* **PROBLEM DETAILS**
The required output is the stretch from the line containing "The Dusters Fungi" through the line containing "Solving multi step inequalities worksheet" in the records below, unaltered and with no pictures.

== EXERCISE MATERIALS ==

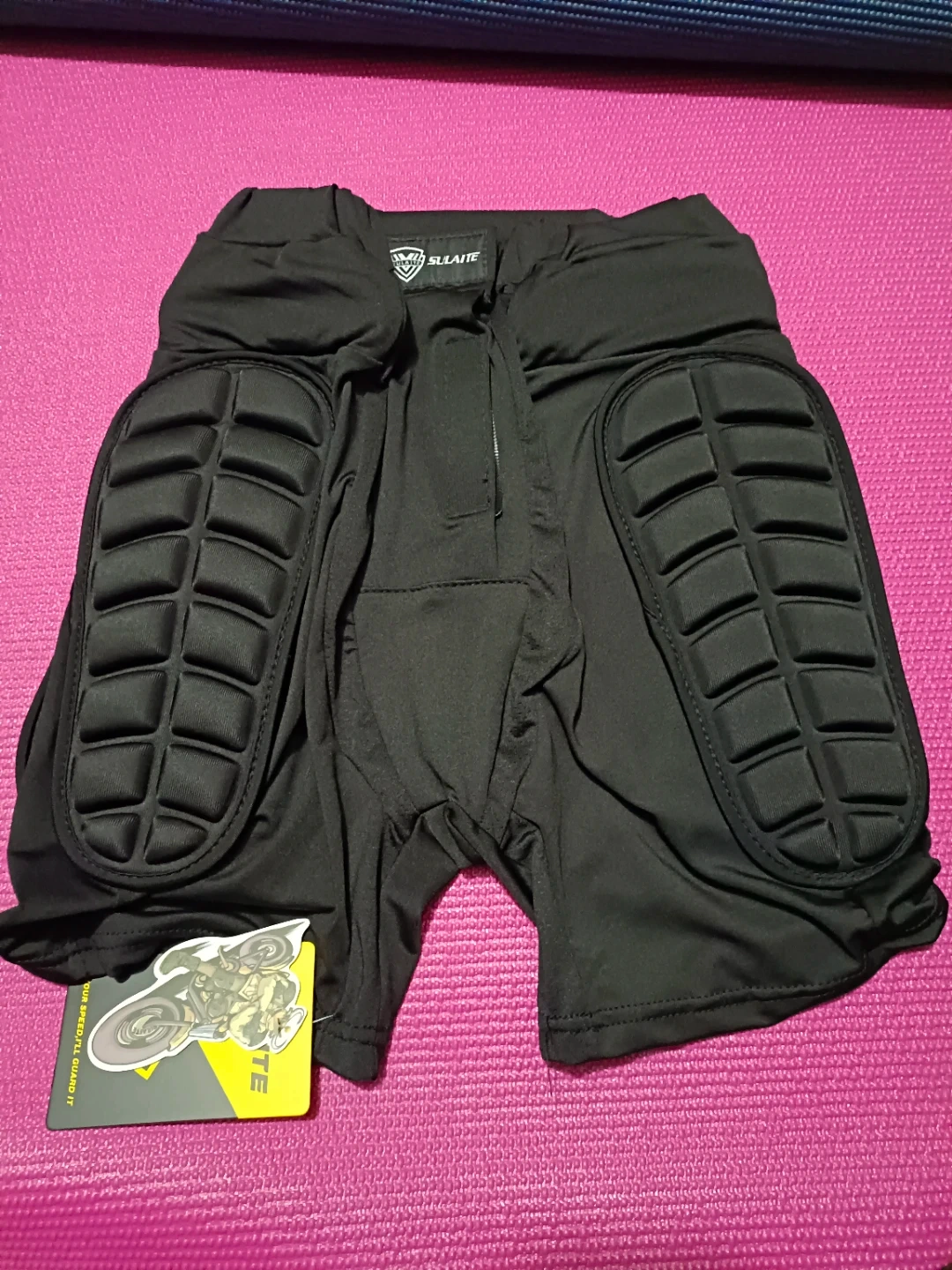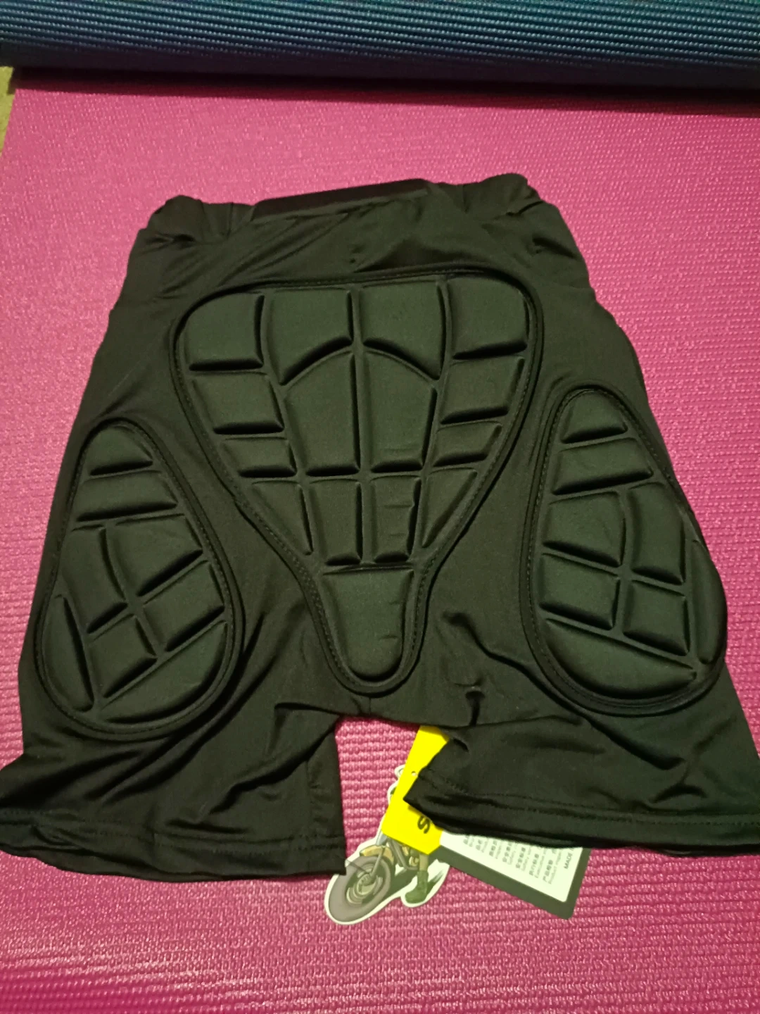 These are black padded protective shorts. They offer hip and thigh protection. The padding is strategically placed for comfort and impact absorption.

===
== EXERCISE MATERIALS ==

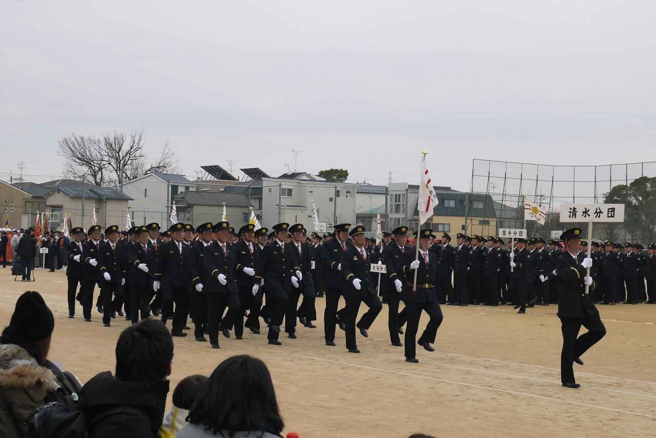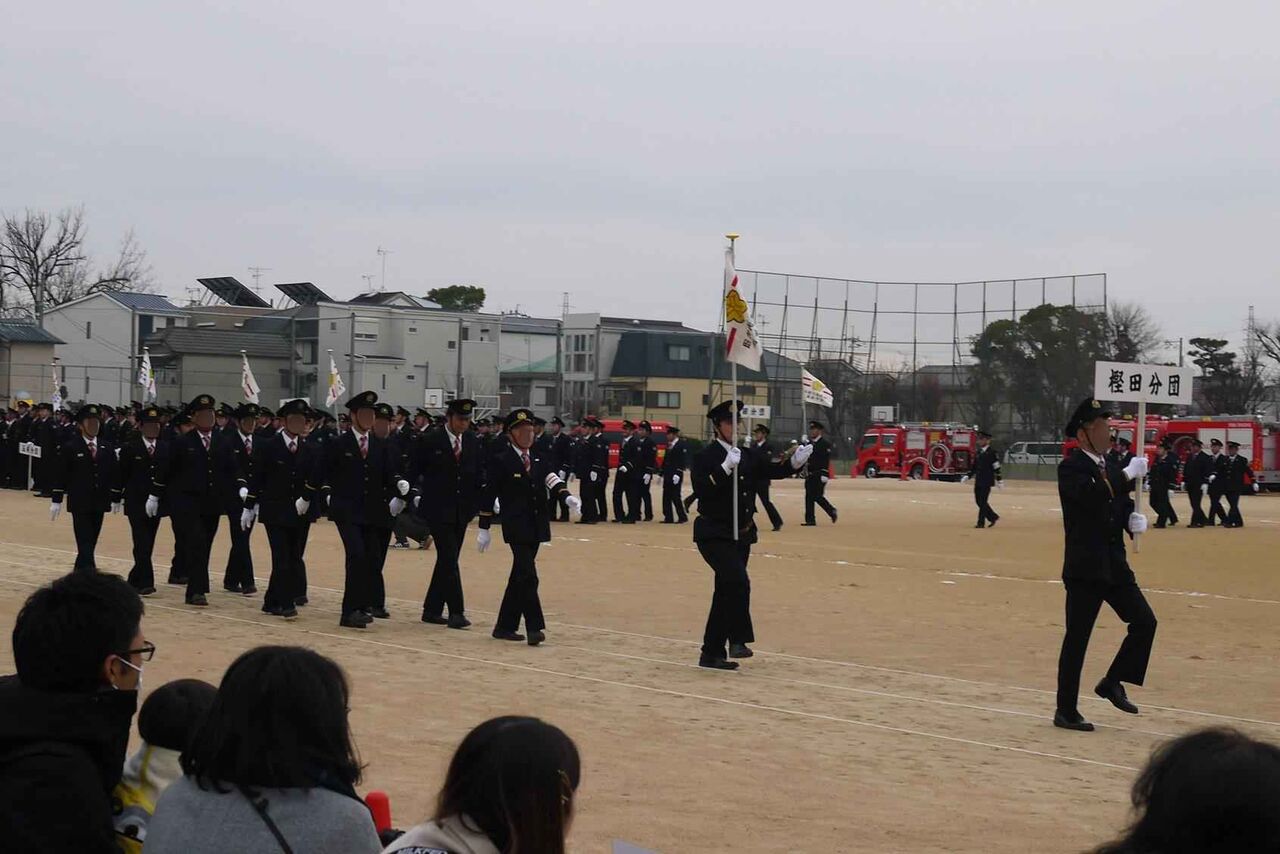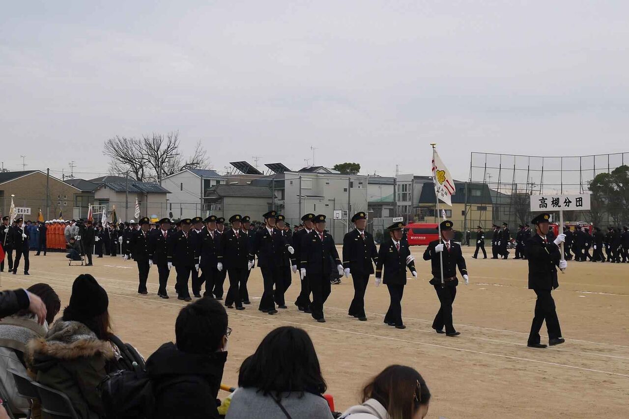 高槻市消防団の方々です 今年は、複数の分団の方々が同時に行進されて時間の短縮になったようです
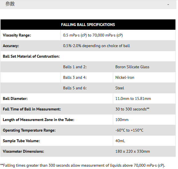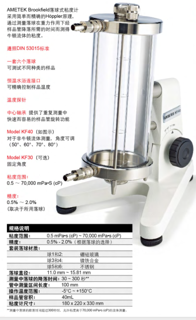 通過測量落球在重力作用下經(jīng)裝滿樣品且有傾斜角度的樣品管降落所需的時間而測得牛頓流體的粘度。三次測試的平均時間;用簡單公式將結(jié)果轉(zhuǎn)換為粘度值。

===
== EXERCISE MATERIALS ==

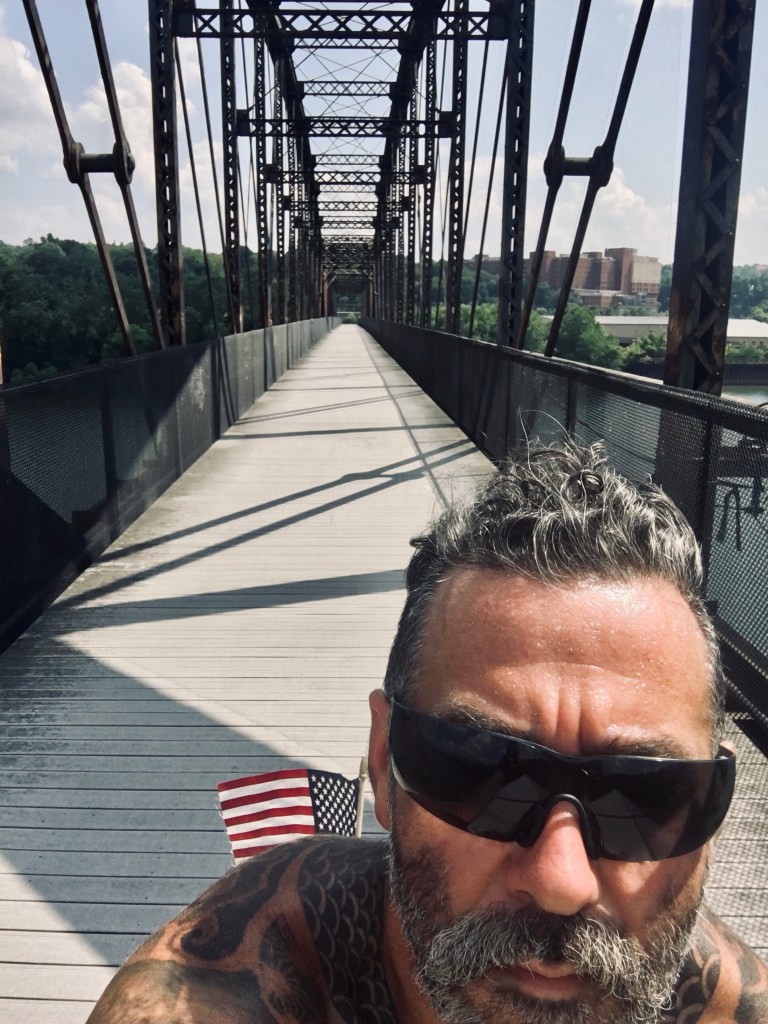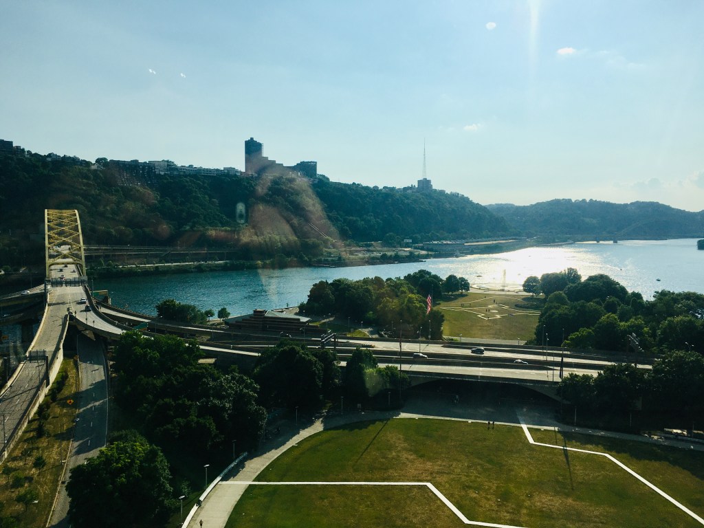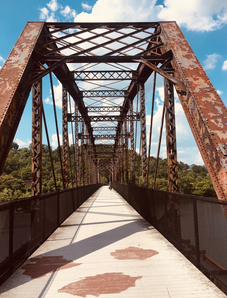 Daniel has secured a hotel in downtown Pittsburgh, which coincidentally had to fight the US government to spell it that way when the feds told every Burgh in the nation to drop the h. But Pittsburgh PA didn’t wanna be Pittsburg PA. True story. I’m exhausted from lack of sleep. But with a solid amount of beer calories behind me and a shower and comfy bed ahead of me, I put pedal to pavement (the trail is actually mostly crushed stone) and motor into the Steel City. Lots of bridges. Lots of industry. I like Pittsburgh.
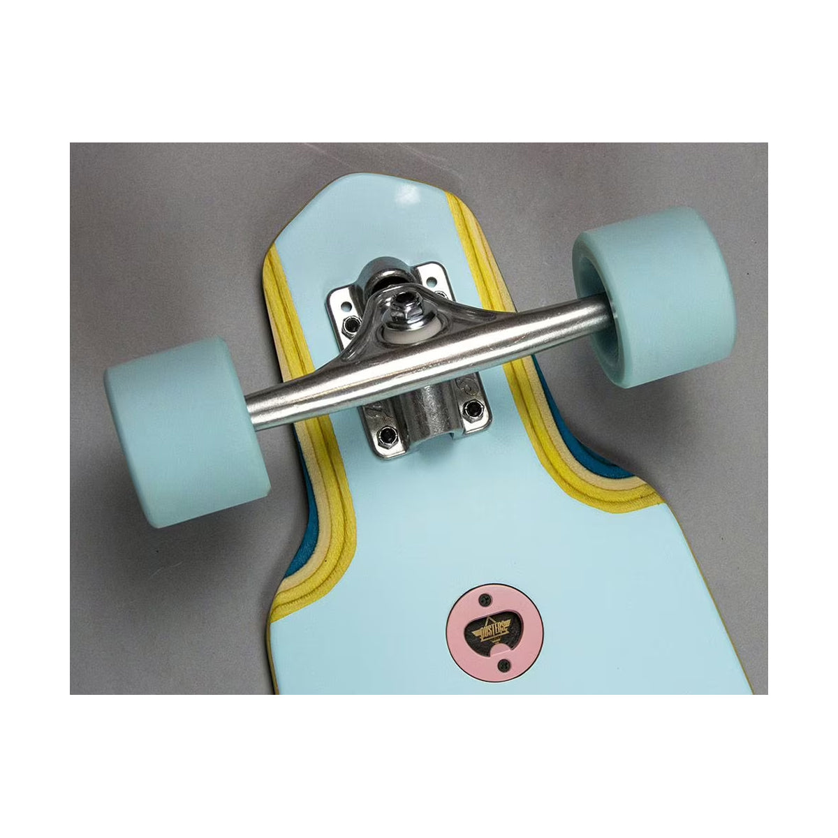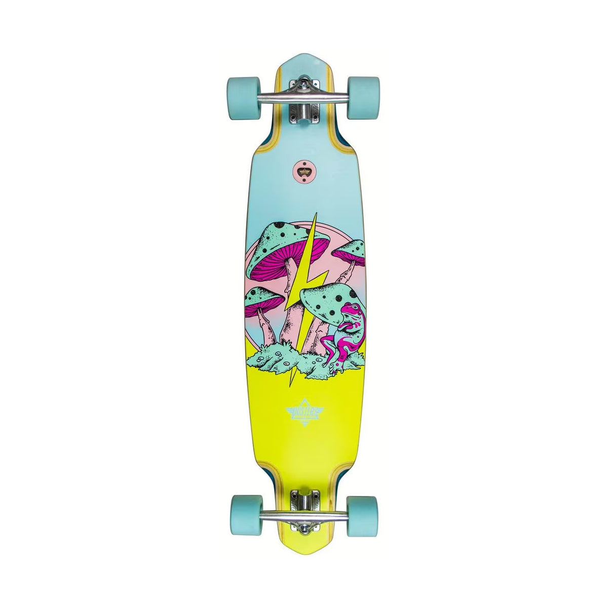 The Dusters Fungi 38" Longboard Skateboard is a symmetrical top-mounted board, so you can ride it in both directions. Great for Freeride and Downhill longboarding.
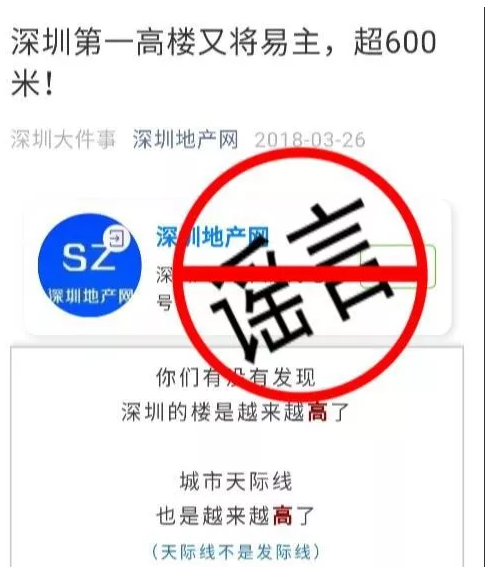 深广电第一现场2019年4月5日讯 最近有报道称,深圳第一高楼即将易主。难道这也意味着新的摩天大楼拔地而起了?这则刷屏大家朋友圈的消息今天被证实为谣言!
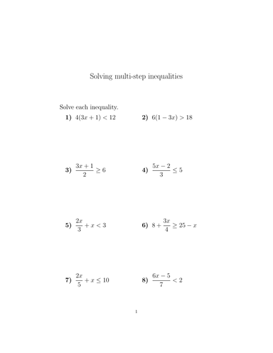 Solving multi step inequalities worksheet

===

* **RESPONSE AREA**
 The Dusters Fungi 38" Longboard Skateboard is a symmetrical top-mounted board, so you can ride it in both directions. Great for Freeride and Downhill longboarding.
 深广电第一现场2019年4月5日讯 最近有报道称,深圳第一高楼即将易主。难道这也意味着新的摩天大楼拔地而起了?这则刷屏大家朋友圈的消息今天被证实为谣言!
 Solving multi step inequalities worksheet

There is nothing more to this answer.